## ASSIGNMENT
Lines from the opening of the material through the line containing "Fig.: E-MTBS 1.350-3,0" must be duplicated word for word. Pictures are not.
[Opening PROVIDED INFORMATION section]
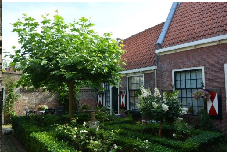
DSC_7780 ; AV ; 2-8-2017 ; Vergelijkbaar standpunt als foto links, maar iets meer naar het noorden gericht. De gevels zijn opvallend gewijzigd en de plek van de pomp ook.
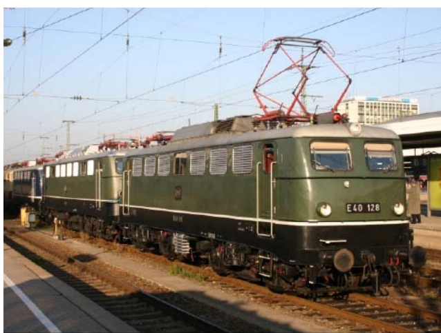
Lokzug mit E40 128 und vielen weiteren Ausstellungsobjekten. 03 1010 rangiert auf dem Ausstellungsgelände im Fürther Gbf.
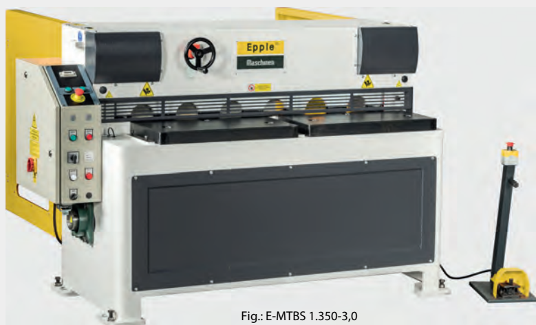
Fig.: E-MTBS 1.350-3,0

Cisailles guillotines motorisées pour la découpe de tôle allant jusqu'à 4 mm d'épaisseur en acier doux. Le moteur, le système de freinage avec le système de refroidissement permettent un fonctionnement silencieux.
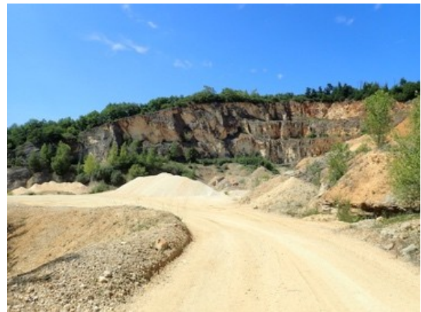
Les secteurs exploités en premier se végétalisent et se patinent
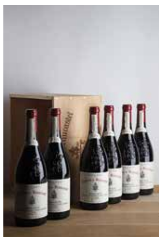
Lot 94 - 6 B CDP Rouge - 2010 - Château de Beaucastel
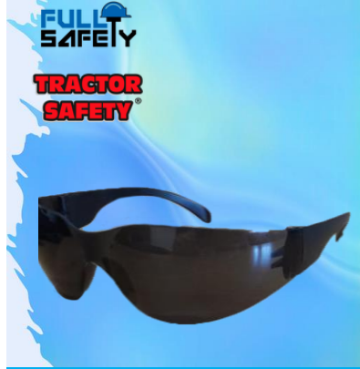
LENTE LM OSCURO
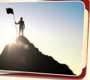
הרב משה דיין
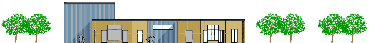
Prospetto ovest 1:100
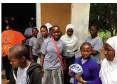
Foto: CAGADO= Campaign for Girls Against Drop Out from School.
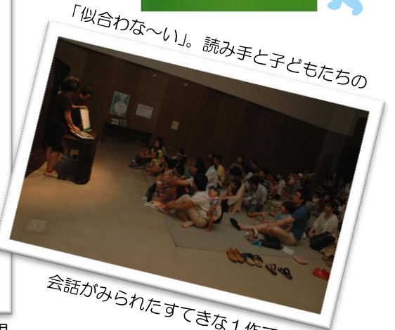
「似合わな〜い」。読み手と子どもたちの
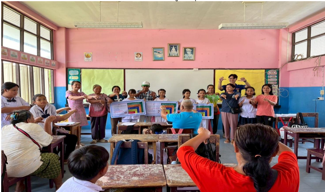
ภาพครูกับผู้ปกครองนักเรียนร่วมกันทำกิจกรรมกิจกรรมคิด ถามตอบจากสถานการณ์ที่กำหนดขึ้น (ดี ชั่ว ปกติ) ในห้องเรียนเพื่อสร้างความยั่งยืนในการปลูกฝังคุณธรรมจริยธรรม

๕. ครูกับผู้ปกครองนักเรียนร่วมกันทำกิจกรรมกิจกรรมคิด ถามตอบจากสถานการณ์ที่กำหนดขึ้น (ดี ชั่ว ปกติ) ในห้องเรียนเพื่อสร้างความยั่งยืนในการปลูกฝังคุณธรรมจริยธรรม
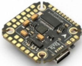
MAMBA F405 MINI MK3.5
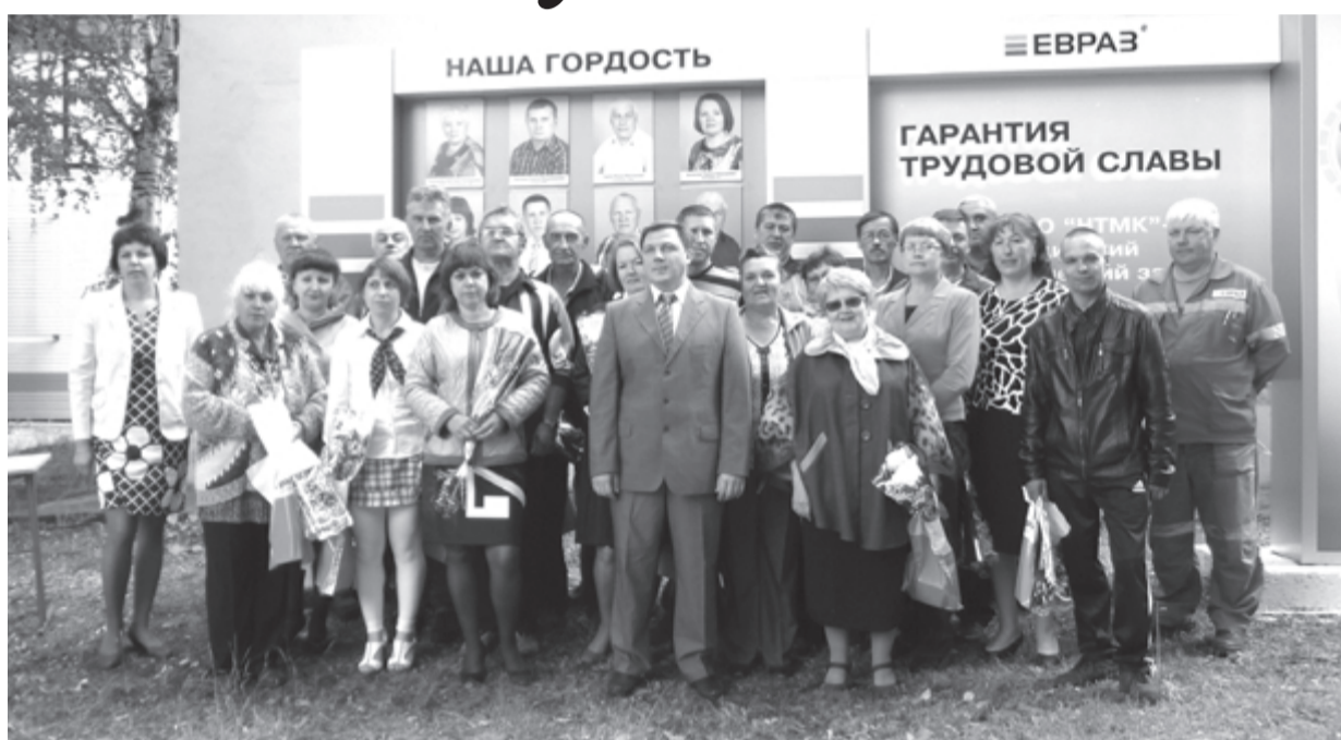
В день Металлурга. Июль 2014 г.

За последние дни эту роковую фразу услышали сотни работников старейшего металлургического предприятия Нижней Салды.
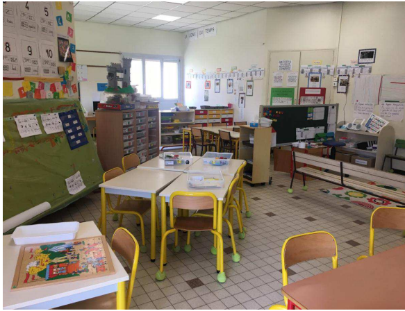
Une salle de classe
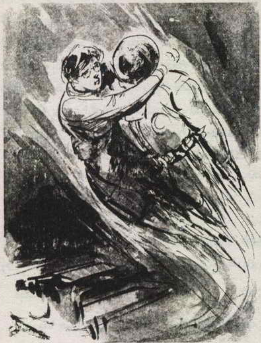
ألقي (سيف) السؤال في اللحظة نفسها ، على مسامع الدكتورة (فاتن) ، وهو يطير بها مبتعداً ..
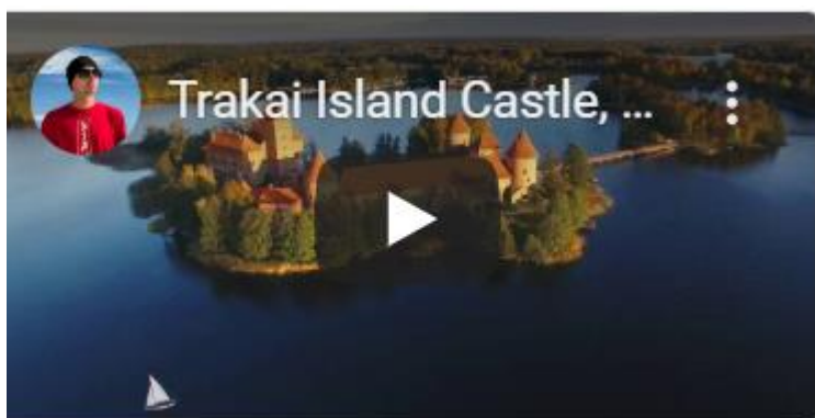
Trakų pilis ir Galvės ežeras iš paukščio skrydžio Pilies vaizdai filmuojant dronu
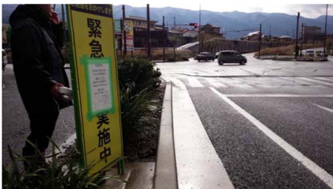
立て看板による災害対策法指定区間の周知 （愛媛県四国中央市上分町）
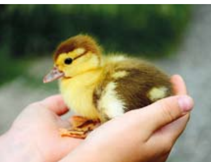
Диазинон чрезвычайно токсичен для домашней утки

Накопление негидролизованного ацетилхолина вызывает тремор, переходящий в паралич. Диазинон относится ко второму и третьему классам опасности для человека (в зависимости от формы использования). При исследовании диазинона установлены следующие величины полулетальной дозы LD_{50} (вызывает гибель 50% исследуемой группы): для крыс — 300–850 мг/кг массы тела, мышей — 80–135 мг, морских свинок — 250–355 мг, свиней — 100 мг/кг, при пероральном пути поступления в организм. Однако для некоторых видов животных диазинон обладает чрезвычайной токсичностью. Это прежде всего пчелы, рыбы и птицы. LD_{50} для птиц при оральном пути попадания диазинона в организм составляет 3,5 мг/кг массы тела, для диких уток — до 1,44 мг, для кур — 8 мг, для фазанов — 3 мг/кг. По данным Агентства по защите окружающей среды США, диазинон стоит на втором месте в списке причин массовой гибели птиц от пестицидов, уступая только карбофурану (хотя следует учесть, что речь идет исключительно о зарегистрированных случаях).
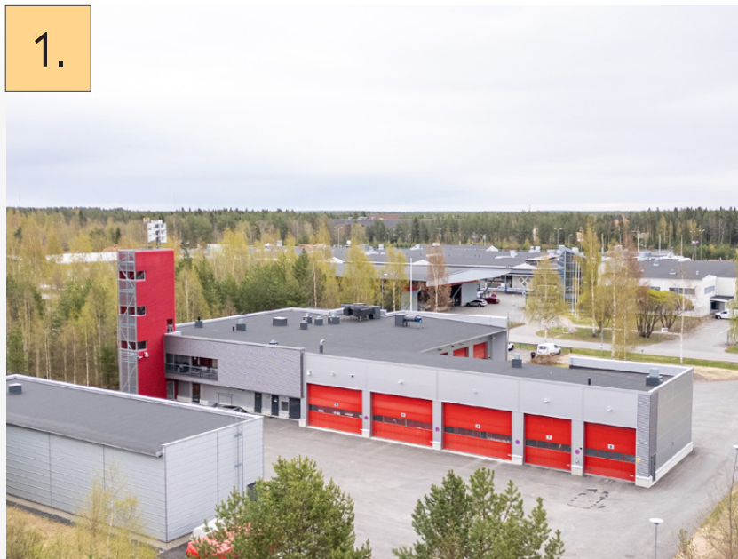
1. Ruskonselän paloasema Tapsitie 4 B, Oulu
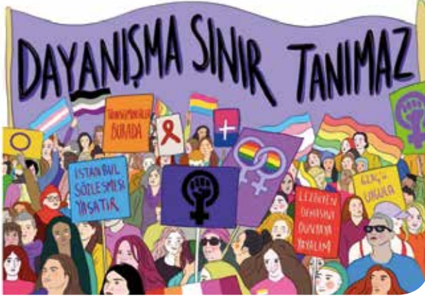
İllüstrasyon: Semih Özkarakaş
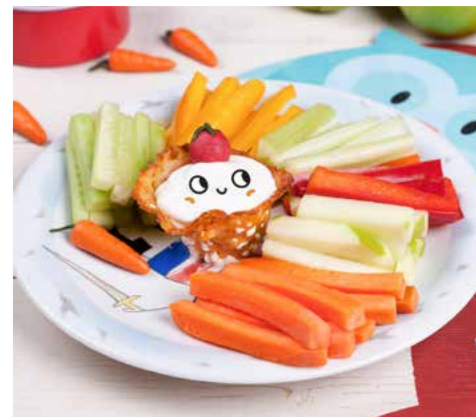
ОВОЩНЫЕ ПАЛОЧКИ 285 г 330 ₺
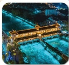
"สะพานหนานเจียว"
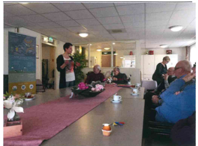
Presentatie Kerndebat in Heemzicht.

projectleider Omgevingsvisie Korendijk namens Spacevalue
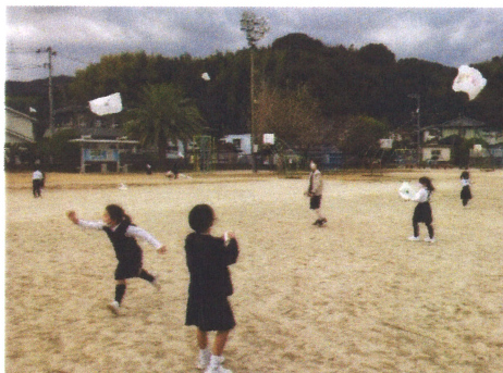
「たこ たこ 上がれ！」(1年生)
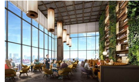
【参照】神戸市本庁舎2号館再整備事業
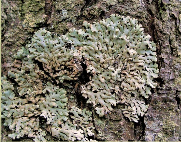
Harilik poorsamblik kasvab vanades ja kuivendamata lodumetsades.

Ehkki liik on Eestis veel üsna sage, on selle asurkonnad väikesed, kasvukohad üksteisest eraldatud ning kopsusamblikku ohustab pidev sobivate elupaikade kadumine. Vanade ja kuivendamata lodumetsade indikaatorliigiks peetakse aga harilikku poorsamblikku. Ta kasvab peamiselt sanglepal ja kaskedel ning on Eestis märgatavalt haruldasem kui kopsusamblik. Poorsamblik on väljanägemiselt sarnane meil väga tavalise hariliku hallsamblikuga. Kahe liigi hea eristustunnus on väikesed augukesed poorsambliku talluse pinnal – sellest tulenebki tema nimi.
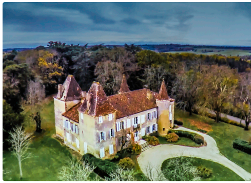
Le château de Castelmore (où est né d'Artagnan) - Photo prise sur l'écran
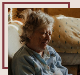
Asistența socială a vârstnicilor: „Bunicii - semenii noștri”
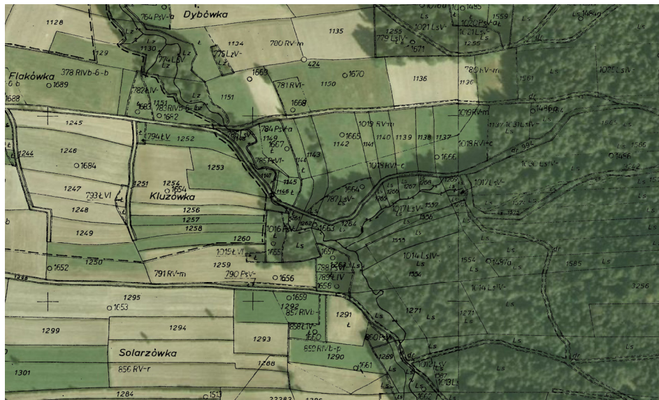
Rysunek 3. Fragment ortofotomapy cyfrowej z nałożonym rastrem mapy ewidencji gruntów i budynków

Opracowanie wielkościowe i przestrzenne kierunków i tendencji zmian w krajobrazach kulturowych stanowi podstawę do przeprowadzenia bardziej szczegółowych analiz, a w konsekwencji do prognozowania kierunków ich kształtowania w przyszłości.
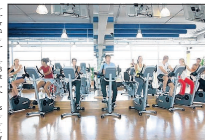
Cardio-Fit ist der Titel eines Herz-/Kreislaufprogramms.

Die angebotenen Kurse finden in der Regel zweimal wöchentlich statt über einen Zeitraum von sechs Wochen. Im Anschluss an die Kurse können die Teilnehmer noch die Wellnessbereiche mit verschiede-
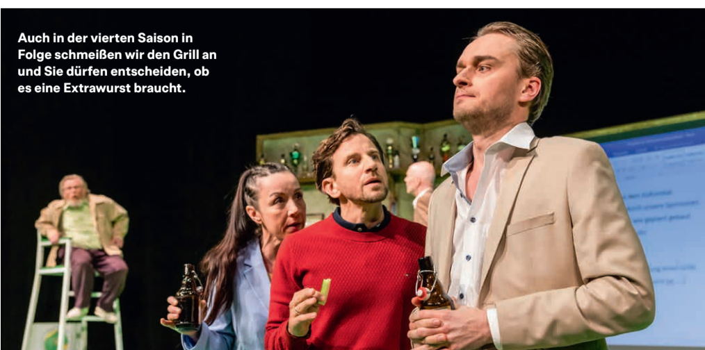
Auch in der vierten Saison in Folge schmeißen wir den Grill an und Sie dürfen entscheiden, ob es eine Extrawurst braucht.
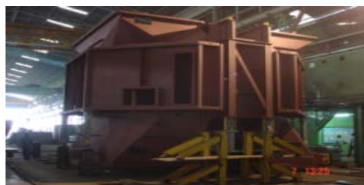
ชิ้นส่วนเครื่องปรับอากาศ โรงผลิตไฟฟ้า
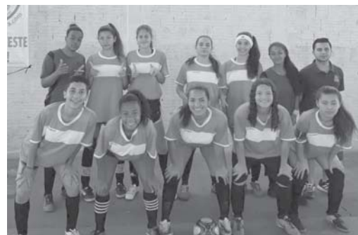
Equipe Feminina Sub 17
[Closing PROVIDED INFORMATION section]
## RESULT
DSC_7780 ; AV ; 2-8-2017 ; Vergelijkbaar standpunt als foto links, maar iets meer naar het noorden gericht. De gevels zijn opvallend gewijzigd en de plek van de pomp ook.
Lokzug mit E40 128 und vielen weiteren Ausstellungsobjekten. 03 1010 rangiert auf dem Ausstellungsgelände im Fürther Gbf.
Fig.: E-MTBS 1.350-3,0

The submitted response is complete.